[Start of section]

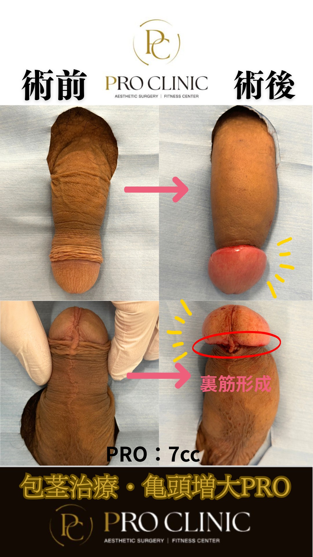 今回の患者様のご要望は「とにかく見た目をきれいに整えたい」という明確なものでした。そのため、裏筋形成を含む包茎治療PROと、硬質ヒアルロン酸PROを7cc使用した亀頭増大術を組み合わせ、自然かつ美しい陰茎へと導く高度な包茎治療をご提案いたしました。
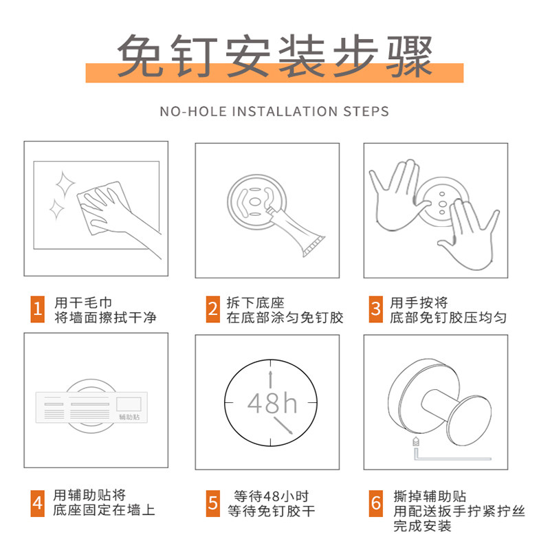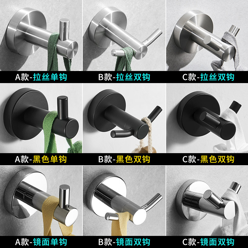 304 Stainless Steel Black Hook Single Wall Wall-mounted Hood Hook Bathroom Makeup Room Genguan Creative Hanging Hook
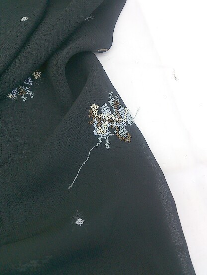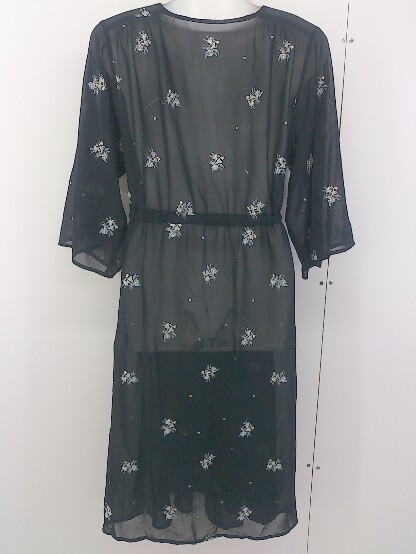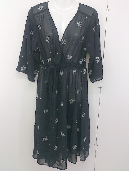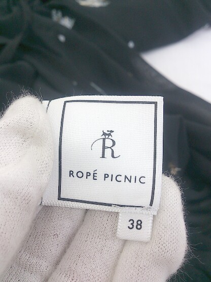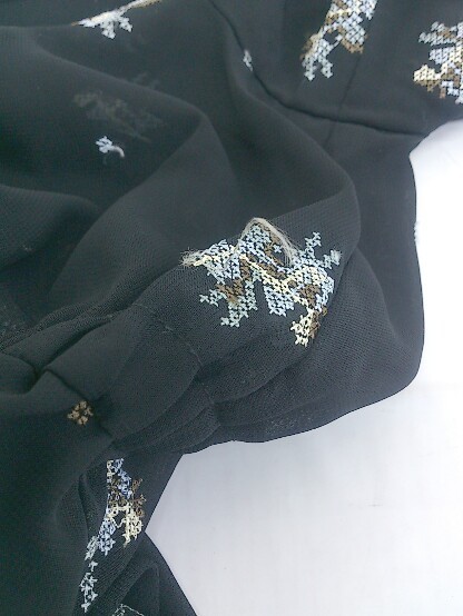 ◇ ◎ ROPE PICNIC ロペピクニック 刺繍 透かし 七分袖 膝下丈 ワンピース サイズ38 ブラック マルチ レディース

[End of section]

TASK DETAILS> In the listing above, find the line containing "304 Stainless Steel" and restate it and every later line verbatim, with the pictures left out.

RESULT>
 304 Stainless Steel Black Hook Single Wall Wall-mounted Hood Hook Bathroom Makeup Room Genguan Creative Hanging Hook
 ◇ ◎ ROPE PICNIC ロペピクニック 刺繍 透かし 七分袖 膝下丈 ワンピース サイズ38 ブラック マルチ レディース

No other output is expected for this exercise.